Milo Yiannopoulos, the self-styled poster child of the ‘alt-right’ movement, has gone down like a bucket of cold sick after a tense televised encounter with Channel 4 News’s Cathy Newman where he claimed the wage gap and university rape culture is “not real”.
The Breitbart News senior editor brought his right-wing schtick to the broadcaster in the aftermath of his boss, Steve Bannon, being handed a plum role as Donald Trump’s chief strategist - leading US politicians to raise the alarm over a “white nationalist” entering the White House.
Yiannopoulos - who is banned from Twitter amid a racism row - was confronted by the journalist over his brand of say-anything commentary, and in particular his contrary definition of feminism.
Newman read out a series of Breitbart headlines written by editors in Bannon’s charge, including:
“Would you rather your child had feminism or cancer.”
“There’s no hiring bias among women in tech, they just suck at interviews.”
“That’s extreme, that’s ugly,” argued Newman, not unreasonably.

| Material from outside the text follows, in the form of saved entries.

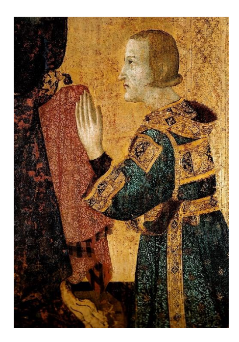
Figure 1. Simone Martini, Saint Louis of Toulouse crowning King Robert of Anjou , painting on wood, 1317–1319. Naples, Museo di Capodimonte. Detail of Robert's face.

In the second group, instead, are representations connected with religious and devotional contexts and associated, so to speak, with the private sphere and the personal practices of Robert. They represent the Angevin as a devotee (face in profile, kneeling position, small size, and proximity to religious subjects) while he carries out liturgical activities and devotional acts. What is more, they render, following the report on the bones of the King by the Istituto di Anatomia Umana Normale dell'Università di Napoli in June 1959 (see [11] (pp. 40–42)), his real physical features: light brown hair that falls straight down to the neck and concludes with a rather tight curl; shaved, thin, and oblong face; protruding and pointed chin; accentuated jaw; thin lips; pronounced nose; narrow eyes that, as well as the cheeks, are rather sunken and that highlight the cheekbones; high and spacious forehead; and deep wrinkles around the nose and mouth (Figure 1). This entry focuses on this second group of images. In particular, they are the following four artworks: Simone Martini's altarpiece, the Master of Giovanni Barrile's panel, the Master of the Franciscan tempera's canvas, and the so-called Lello da Orvieto's fresco (regarding the identification of Robert of Anjou's official image, see [12] (pp. 97-110), with more information and bibliographic references).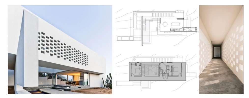
Fig. 6 Perforated main wall of cubic shell; main floor plan - first floor plan; light game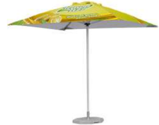
BRANDED ALUMINIUM PARASOL * FULL COLOUR PRINT * SYSTEM * CARRY BAG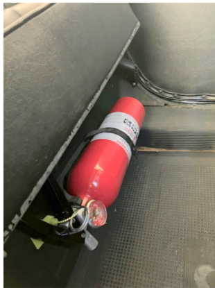
Rear seat panel

In my 21 Touring I mounted on the panel below the back seat. Both locations are readily accessible and mounted so the gauge can be seen without removing.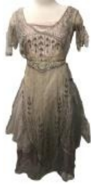
Gray and Pink tulle "Trousseau Dress" (2014.95.2)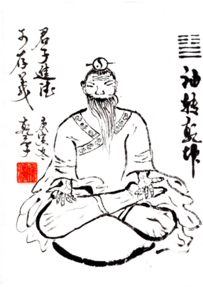
Figure 3. Communicating with the Heavens Posture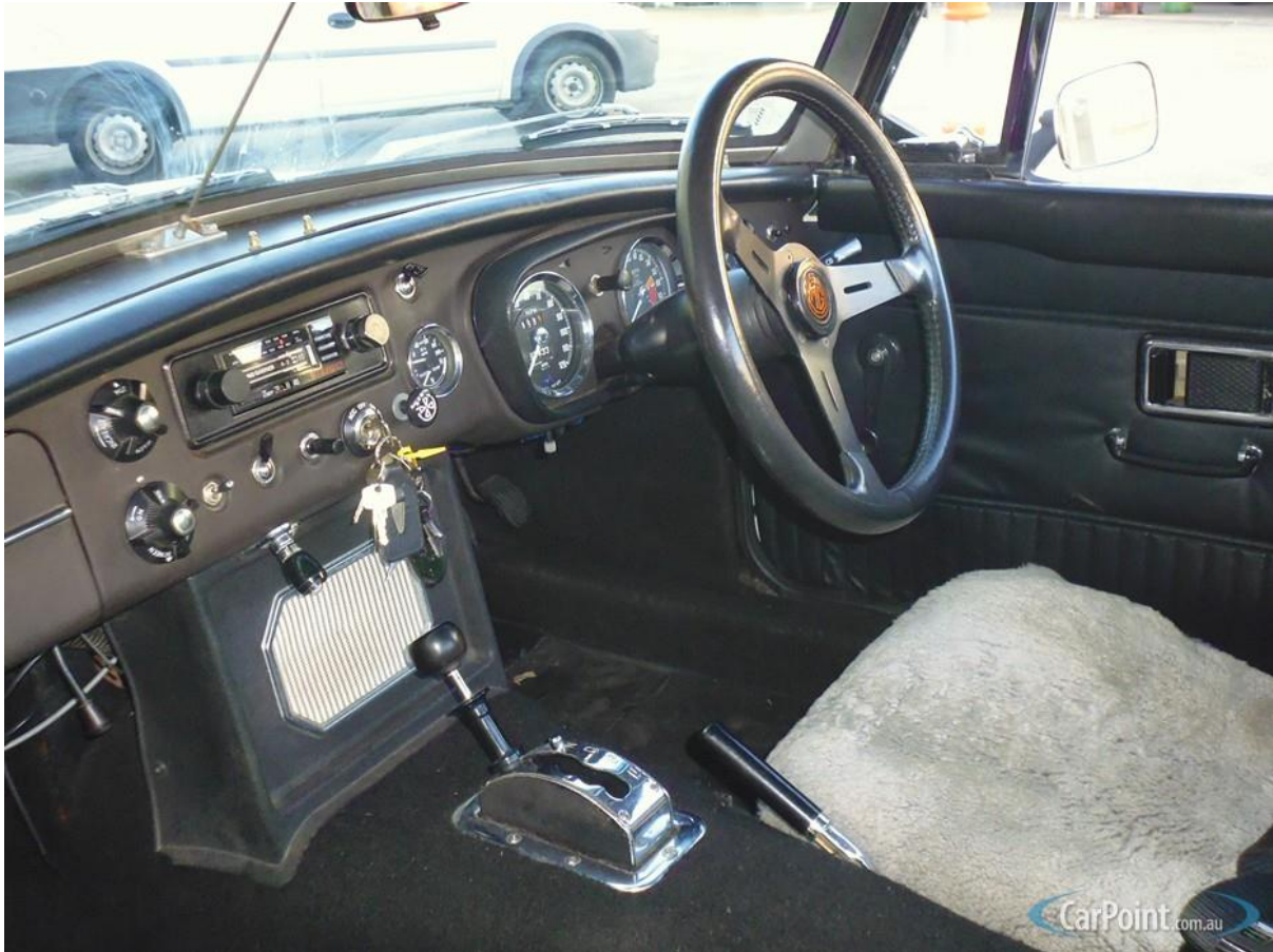
Photo showing automatic shifting lever and Lamp Assembly Gear Illumination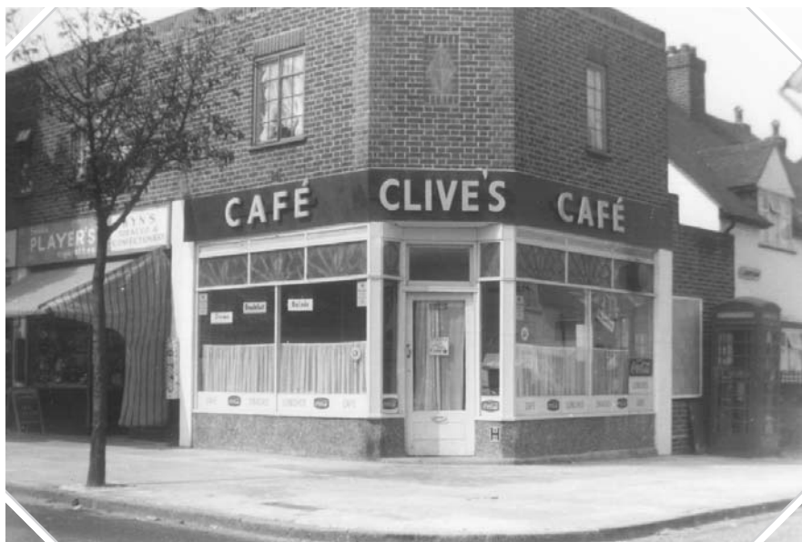
The original café in 1966 in New Eltham.

years – plus one armed hold-up for good measure, seemed to show me that I was surrounded by evil. I had to ‘seek the light’ and I knew that that was in church. I was then invited to an evangelical meeting and the Minister stopped the singing to boldly say: “The Lord says there is someone here He does not want to lose, would they step forward, the Lord wants to bless him.” A voice in my head said: “It’s not you,” and another one said: “It is you, go forward.” I remained in my seat but I was challenged and had a sleepless night. I was made aware of my sins, acutely realising through terrible visions that I was existing without God, but through all this Jesus was calling me.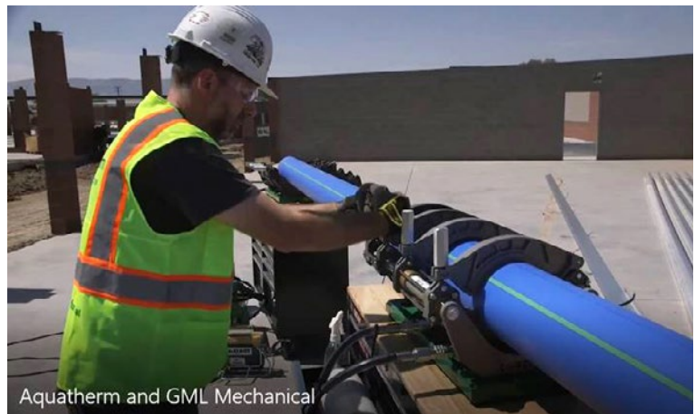
Aquatherm and GML Mechanical

http://www.aquatherm-pipesystems.com/Aquatherm-and-GML-Mechanical.mp4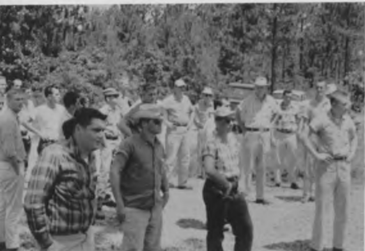
Anybody for booray?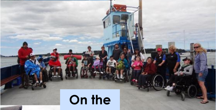
On the Barge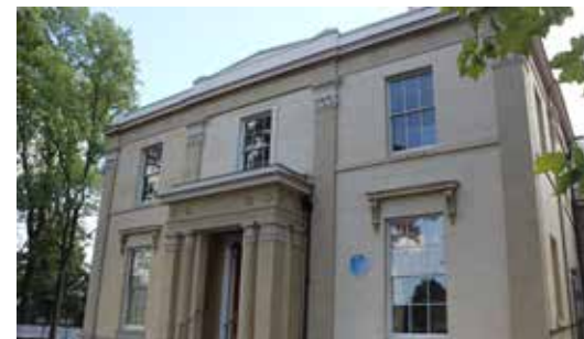
Elizabeth Gaskell's House (£7.50 adults)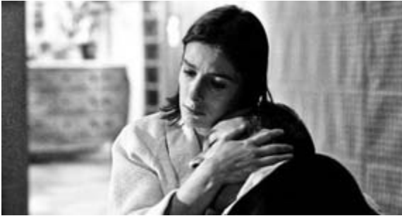
15.1–15.2. Affective truths, empirical lies

easy to talk to. Good atmosphere. But still perverse. That makes lying easy. Tell myself everything's fine. That's a lie. I'm afraid I'll disappoint.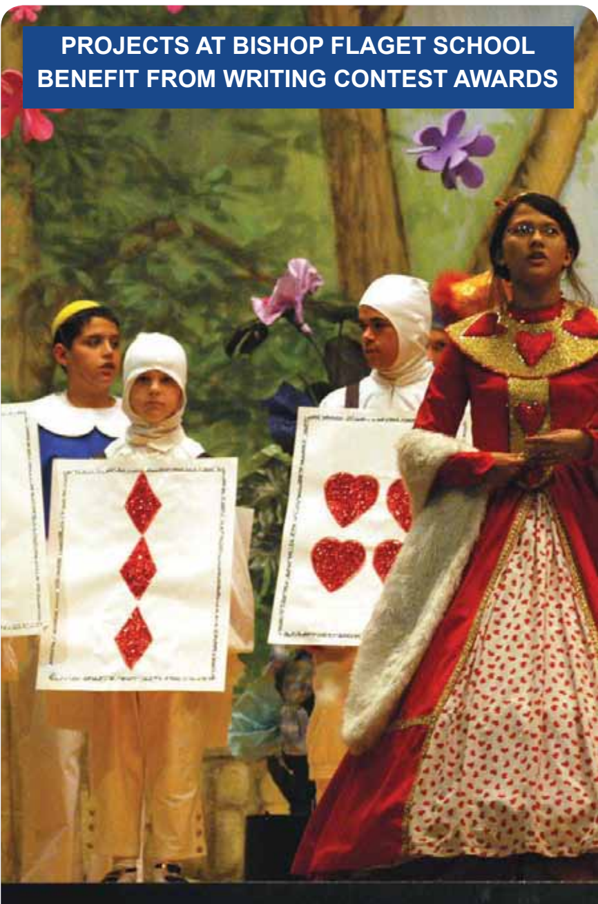
Alice in Wonderland production at Bishop Flaget.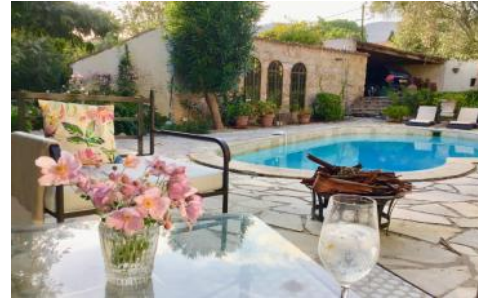
Rose wine by the pool watching sunset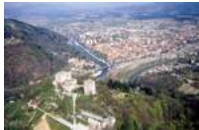
Celje with the ruins of the castle, once the seat of the Counts of Celje.

developing towns, which hosts, among other events, an annual International Trade Fair (MOS), the largest business and trade fair in the southeast Europe. Celje is also a good starting point for a visit to the Šaleška and Savinjska Valleys. In the lower Savinjska Valley, hop cultivation has been one of the main agricultural activities since the 19th century, while the upper part of the Valley is particularly interesting as a developing tourist destination: it is the starting point for mountain hiking excursions in the Savinjska Alps. The Šaleška Valley is known for the Gorenje Company, which is based in the town of Velenje. The Gorenje Company manufactures top-quality washing machines and other home appliances and is one of the most internationally recognised Slovenian brands.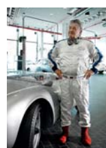
Hans Herrmann (81, legendary racing driver)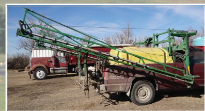
Summers, 50' booms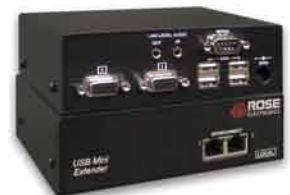
CrystalView Mini USB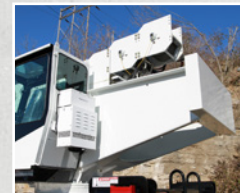
AUXILIARY WINCH PACKAGE

Visit www.elliotequip.com to find a dealer in your area for pricing, availability, rentals, financing and more. Contact Elliott directly at sales@elliotequip.com or (402) 592-4500.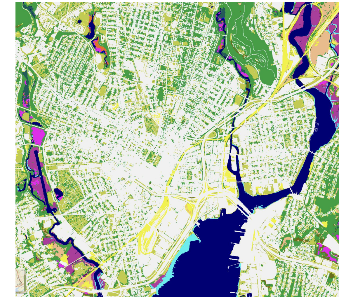
New Haven Land Cover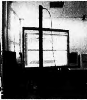
Fig. 14 Constrained condition of design of steel material, experimental measurement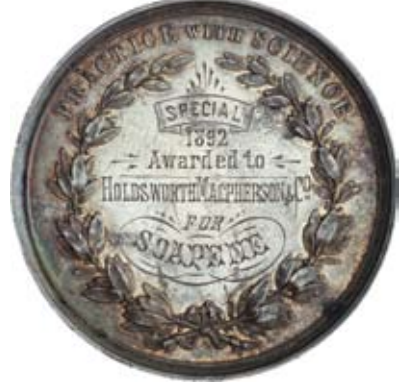
494* Agricultural Society Of New South Wales, in silver (51mm), by Hardy Brothers, Sydney, reverse inscribed, 'Special/1892/ Awarded to/Holdsworth Macpherson & Co./For/Soapene'. Edge nicks, otherwise toned very fine.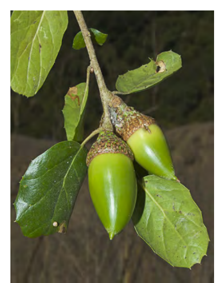
COAST LIVE OAK (Quercus agrifolia var. agrifolia) Native Perennial - Oak Family - (Mar-Apr) - Valleys, slopes, mixed-evergreen forest, woodland - Tree 30-80'. Leaves convex, hair-tuft below in vein axils. Acorns on 1st year twigs, shell glabrous inside.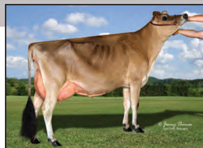
ARETHUSA REAGAN CALYPSO-ET Great-Grandam of Lot 29

4TH DAM: ARETHUSA VERONICAS CUPID-ET 94% 5-06 305 2 18310 4.6 837 3.6 663 95DCR 2258C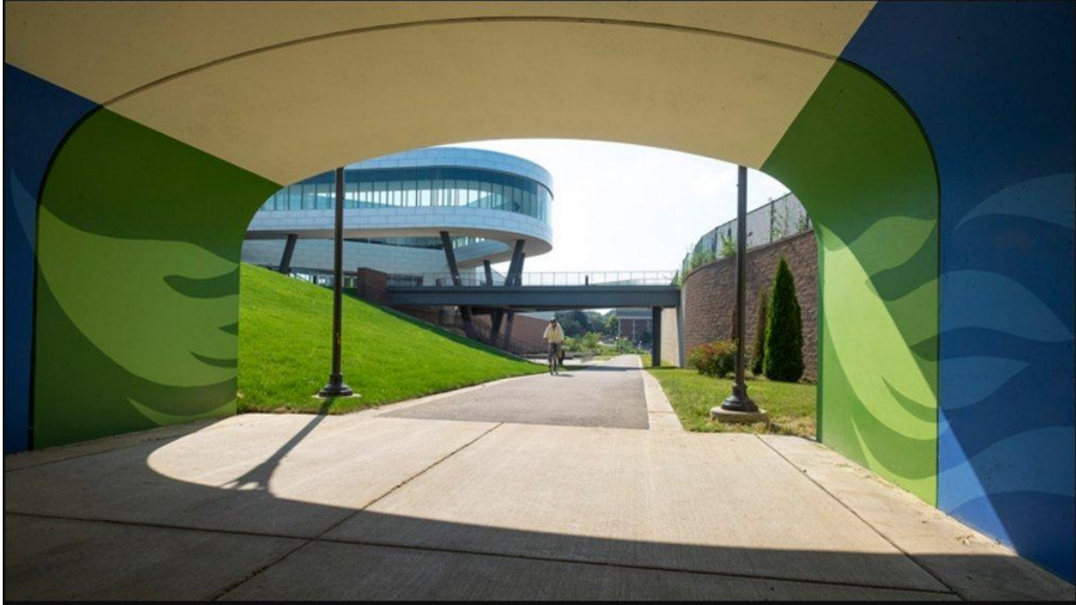
A cyclist rides along the St. Vincent Greenway and Wayne Goode Trail, past the Recreation and Wellness Center, and toward the tunnel passing under Arnold B. Grobman Drive.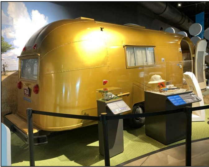
Not all Airstreams were silver!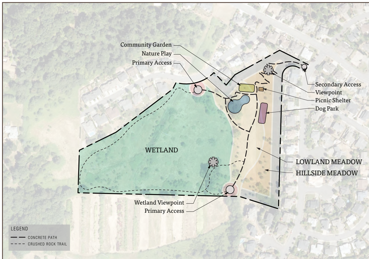
Jenne Butte Neighborhood Park - Concept Plan

Based on analysis of the unique existing conditions and feedback on the zones diagram during public engagement meetings, the following concept plan was developed.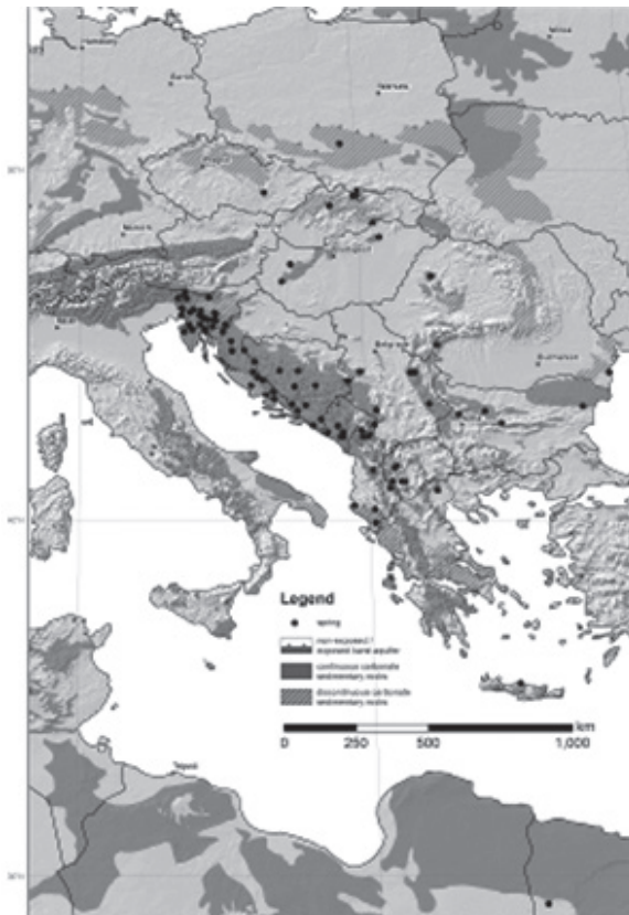
Figure 6. Dense distribution of karstic springs in the Dinaric part of the SE Europe on one of draft WOKAM maps (from Stevanović et al., 2016)

Within the DIKTAS project (Dinaric Karst Transboundary Aquifer System), the evaluation of water budget and actual water use comprise eight main transboundary karst aquifers (TBA): Una (Fig. 7), Krka, Cetina, Neretva, Trebišnjica (all shared by Croatia and Bosnia and Herzegovina), Bilećko Lake, Piva (B&H and Montenegro) and Cijevna/Cemi (Montenegro and Albania). The analysis indicates that water extraction is still far below the aquifer's replenishment potential, and there is no evidence of significant over-exploitation in the studied TBAs (Stevanović et al., 2016). For instance, in the case of Cetina and Neretva TBAs, the average extraction of groundwater is ten times lower than the total minimal discharge of the local springs (dynamic reserves). However, shortage of water is evident locally during summer and early autumn months, coinciding with increased demands caused by the tourist season.

“It’s not extreme,” Yiannopoulos rejoindered. “They’re my headlines, not Steve’s.”
Yiannopoulos - who described himself as a “second wave feminist” - went on to claim “women agree with me”. He said:
“Seven per cent of women identify themselves as feminists. It’s only journalists who are still feminists. They say one thing and behave very differently. Feminists like to say when they are on the defensive, ‘ooh, don’t you believe in equal rights?’ How they actually behave is nasty, vindictive and mean.”
He went to rage against how the age of the “grievance brigade, victimhood, hurt feelings about some kind of special currency” was coming to an end, with Newman managing to stay cool in the face of the now familiar tropes.
He said that feminists and movements like Black Lives Matter had a policy of “feelings first, facts later” for the last 30 years. He said:
“They spread conspiracy theories, propaganda about the wage gap, campus rape culture - this stuff isn’t real.”
Yiannopoulos’s argument that Bannon cannot hold bigoted views went like this:
“Breitbart is a company staffed almost entirely by Jews. I am a gay Jew and he made me a star.”
It has echoes of The Office’s David Brent once defending his sales rep, Chris Finch.
“Chris Finch was in an argument once and he went, ‘How can I hate women, my mum’s one.’”
Twitter described Yiannopoulos variously as:
A gold-plated bell-end, the most obnoxious moron on the planet, ignorant and deluded, an angry sixth-former, and a vile specimen full of shit, which were among the initial responses.